The Inert gas is produced in the IGG by the combustion of fuel with air. Marine diesel oil (MDO) or MGO is drawn from the storage tank and pumped through a filter to the main burners. A blower delivers the air necessary for combustion.
Oil and air is mixed in the correct proportion in an air-atomizing burner, which is ignited by the pilot burner. The fuel-air ratio and the oxygen content of the IG can be regulated by a valve in the fuel supply line to the main burner.
Purple-blue to rose-purple flame indicates good combustion whereas yellow flame means too much fuel oil or too low delivery air pressure causing low atomizing pressure and risk of soot formation.
The inert gas thus generated consists of mainly Nitrogen and carbon dioxide. It is first cooled in the combustion chamber by means of a sea water jacket, which surrounds the combustion chamber. The gas then comes in direct contact with a water spray. The resultant IG comprises of:
Oxygen : 2% by volume
Carbon dioxide: 13% by volume
Nitrogen : 85% by volume
Due to perfect combustion, there is a complete absence of soot. The temperature of the gas leaving the generator is about 5-10* above the cooling water temperature.
During the operation, should there be a reduction in demand for the IG, the excess gas is vented to the atmosphere. The operation is continuously monitored for flame, water or control air failure and excessive cooling water level. Should any emergency condition arise, the IGG automatically shuts off and sounds an audible alarm.
This is a costly installation, which is usually found in product or chemical tanker. With some clean cargo tainting could be a problem, if flue gas from boiler is used.
Chemical tankers & Product tankers are normally FRAMO tankers hence IGG is fitted on these ships, secondly the quality of IG plays a very important role in maintaining the quality of chemicals being transported.

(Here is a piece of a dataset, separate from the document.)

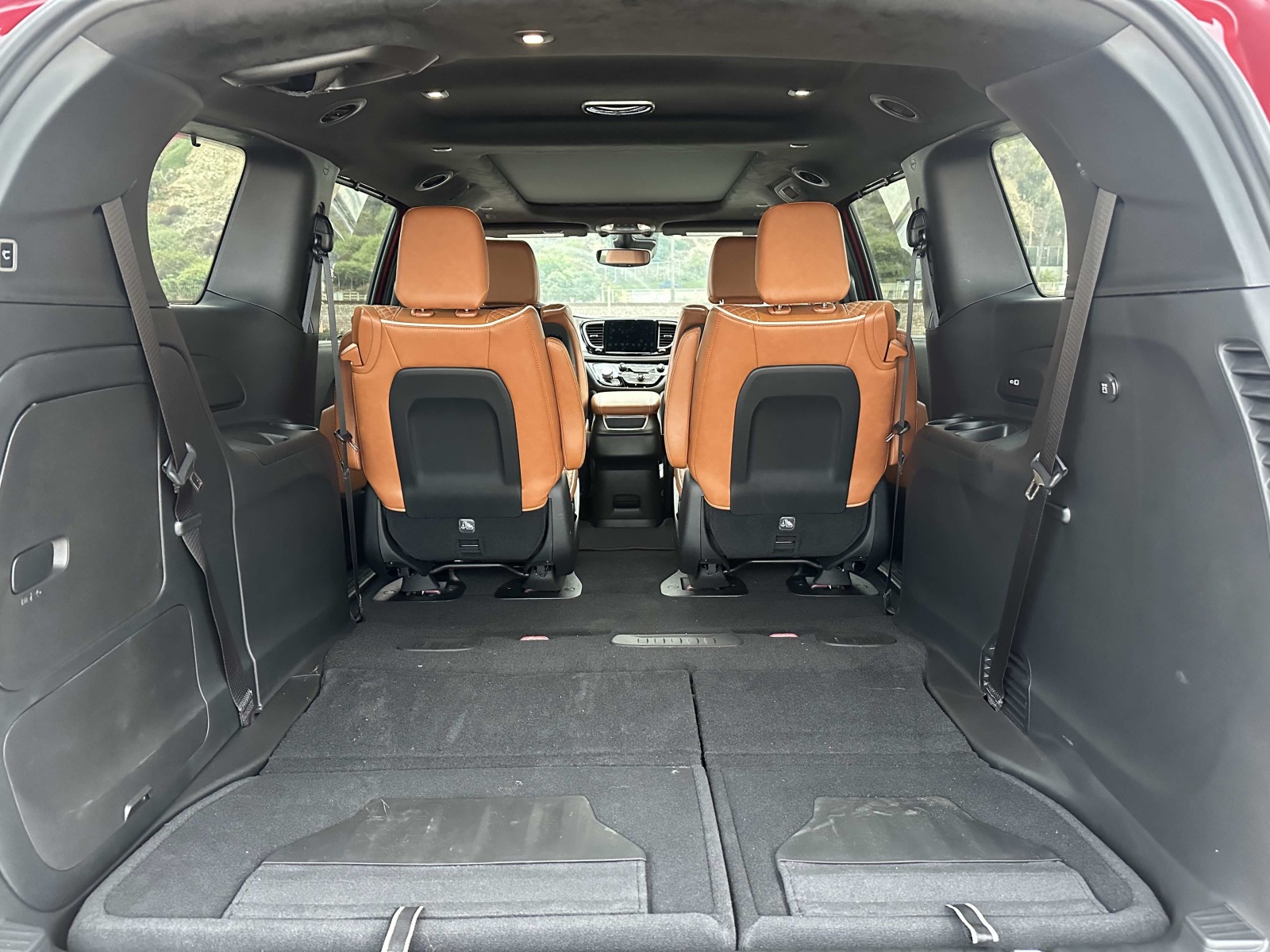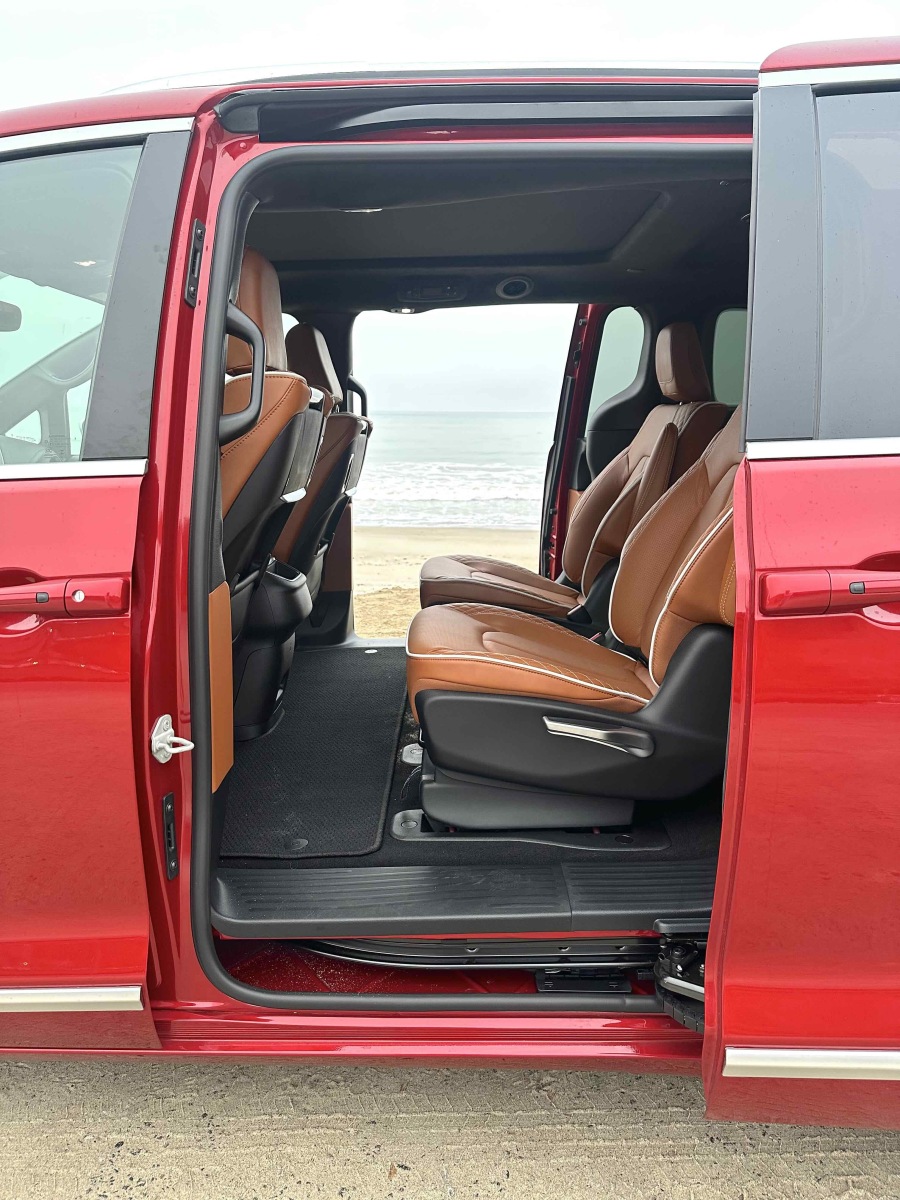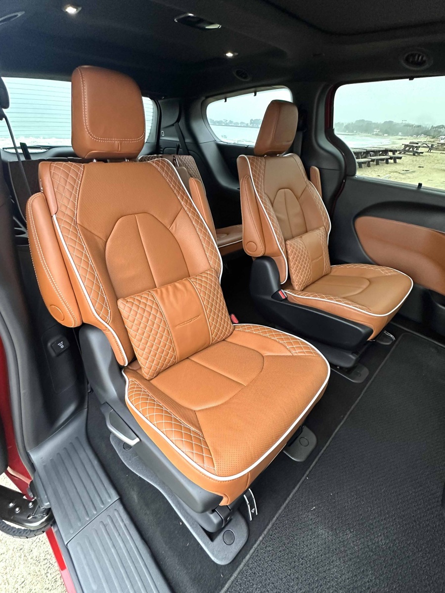 Access to the second and third rows is easy through the hands-free side sliding doors. The second-row Captain’s Chairs tilt forward, slide, recline and, while heavy, are easily removable. Slid to the forward position, the second-row seat opens the path to the third row. Once back there, three adults can fit (two in comfort), with even a 6-footer’s head not scraping the ceiling. Knee and leg room for third-row passengers was good and puts all but the largest SUVs to shame.

Conventional tankers with turbine driven COP will always have a large water tube boiler and thus Inert gas on these ships will be produced from boiler flue gas. Boiler will be used continuously during cargo discharge for running the cargo oil pump turbines (COPT).
On Framo tankers, the cargo discharge system consists of each cargo tank having a fixed submersible cargo pump, this pump is coupled to a hydraulic motor. The hydraulic motor is driven by high pressure hydraulic oil (220 bar), this high pressure hydraulic oil is delivered by hydraulic power-packs located in the engine room, these power packs are normally driven by diesel engines.
Thus these ships use an IGG for production of inert gas. They do not have large boilers as no turbines are present, hence IG from boiler uptake is not possible.
Carbon Molecular Sieve type Nitrogen Generator
The molecular sieve nitrogen generating plant is usually installed on ships such as chemical carriers where oxygen critical cargoes may be carried and purity of the inert gas is of utmost importance.
The system uses the pressure swing absorption method using a carbon molecular sieve which has the unique property of absorbing oxygen in preference to and at a faster rate than nitrogen. When air passes through the molecular sieve, oxygen is absorbed.
Nitrogen gets across and is collected. However the sieve gets saturated with oxygen after sometime and needs to be changed over. The system uses two vessels packed with the carbon molecular sieve. The vessels are alternatively on line or in the process of regeneration. As one reaches saturation, the system switches to the second. Change over time is appox. 1 minute.
The oxygen from the saturated sieve is removed by applying a reduced pressure to the vessel and then venting to the atmosphere. The nitrogen gas thus generated is fed to a buffer vessel from where it is distributed to the inert gas line. The purity of the nitrogen depends on the flow rate and can be as high as 99.5%. The lower the flow rate, the higher the purity and vice versa.